This task calls for the lines below starting at the one containing "Huntland, originally known" and ending at the one containing "Alte Holzbretter können", repeated exactly with both ends kept and pictures left out.

▸ **Input data**:
• • • • • • •

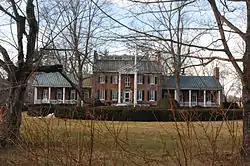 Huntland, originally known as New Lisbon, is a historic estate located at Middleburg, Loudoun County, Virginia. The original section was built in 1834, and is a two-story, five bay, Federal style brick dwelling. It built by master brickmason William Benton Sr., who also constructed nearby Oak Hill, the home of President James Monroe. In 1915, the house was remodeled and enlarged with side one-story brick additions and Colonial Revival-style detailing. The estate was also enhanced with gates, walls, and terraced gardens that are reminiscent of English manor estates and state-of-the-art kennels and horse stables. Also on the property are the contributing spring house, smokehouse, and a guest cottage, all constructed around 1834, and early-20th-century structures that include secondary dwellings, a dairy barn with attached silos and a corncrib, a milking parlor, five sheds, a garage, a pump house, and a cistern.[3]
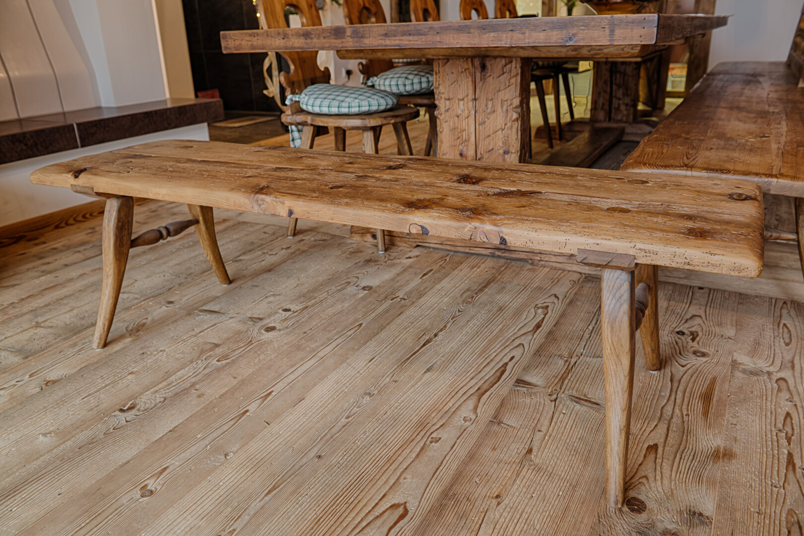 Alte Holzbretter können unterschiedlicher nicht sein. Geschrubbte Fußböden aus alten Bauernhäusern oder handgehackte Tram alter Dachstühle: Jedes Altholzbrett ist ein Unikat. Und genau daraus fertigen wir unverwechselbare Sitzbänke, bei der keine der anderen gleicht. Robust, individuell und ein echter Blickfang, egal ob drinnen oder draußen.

• • • • • • •

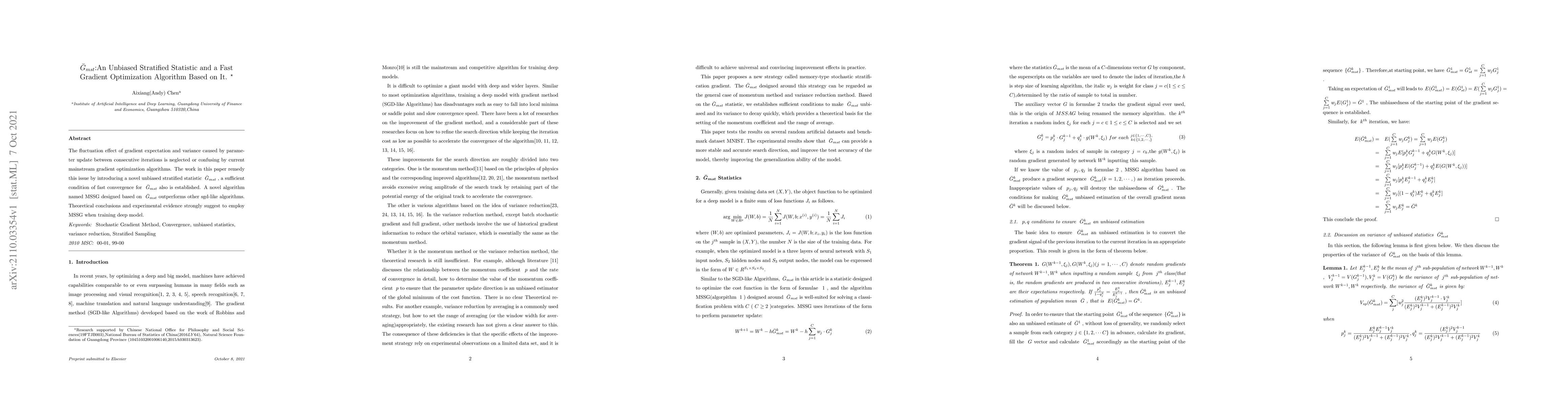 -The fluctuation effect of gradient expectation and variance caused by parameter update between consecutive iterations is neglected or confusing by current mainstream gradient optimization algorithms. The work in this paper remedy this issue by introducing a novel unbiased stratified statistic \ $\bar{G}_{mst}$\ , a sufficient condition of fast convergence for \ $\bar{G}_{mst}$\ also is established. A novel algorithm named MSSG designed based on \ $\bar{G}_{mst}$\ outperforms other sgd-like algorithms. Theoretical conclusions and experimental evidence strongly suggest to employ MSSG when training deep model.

• • • • • • •

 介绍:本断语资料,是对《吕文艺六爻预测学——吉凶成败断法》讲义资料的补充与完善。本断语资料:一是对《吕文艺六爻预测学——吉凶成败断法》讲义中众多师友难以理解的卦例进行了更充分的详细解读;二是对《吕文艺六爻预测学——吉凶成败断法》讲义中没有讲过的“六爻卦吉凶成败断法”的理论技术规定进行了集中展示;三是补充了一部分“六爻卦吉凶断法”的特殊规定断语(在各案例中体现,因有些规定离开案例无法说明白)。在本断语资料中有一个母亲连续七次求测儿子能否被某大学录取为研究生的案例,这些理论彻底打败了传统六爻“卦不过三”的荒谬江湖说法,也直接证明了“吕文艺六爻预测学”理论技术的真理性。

• • • • • • •

▸ **Answer area**:
 Huntland, originally known as New Lisbon, is a historic estate located at Middleburg, Loudoun County, Virginia. The original section was built in 1834, and is a two-story, five bay, Federal style brick dwelling. It built by master brickmason William Benton Sr., who also constructed nearby Oak Hill, the home of President James Monroe. In 1915, the house was remodeled and enlarged with side one-story brick additions and Colonial Revival-style detailing. The estate was also enhanced with gates, walls, and terraced gardens that are reminiscent of English manor estates and state-of-the-art kennels and horse stables. Also on the property are the contributing spring house, smokehouse, and a guest cottage, all constructed around 1834, and early-20th-century structures that include secondary dwellings, a dairy barn with attached silos and a corncrib, a milking parlor, five sheds, a garage, a pump house, and a cistern.[3]
 Alte Holzbretter können unterschiedlicher nicht sein. Geschrubbte Fußböden aus alten Bauernhäusern oder handgehackte Tram alter Dachstühle: Jedes Altholzbrett ist ein Unikat. Und genau daraus fertigen wir unverwechselbare Sitzbänke, bei der keine der anderen gleicht. Robust, individuell und ein echter Blickfang, egal ob drinnen oder draußen.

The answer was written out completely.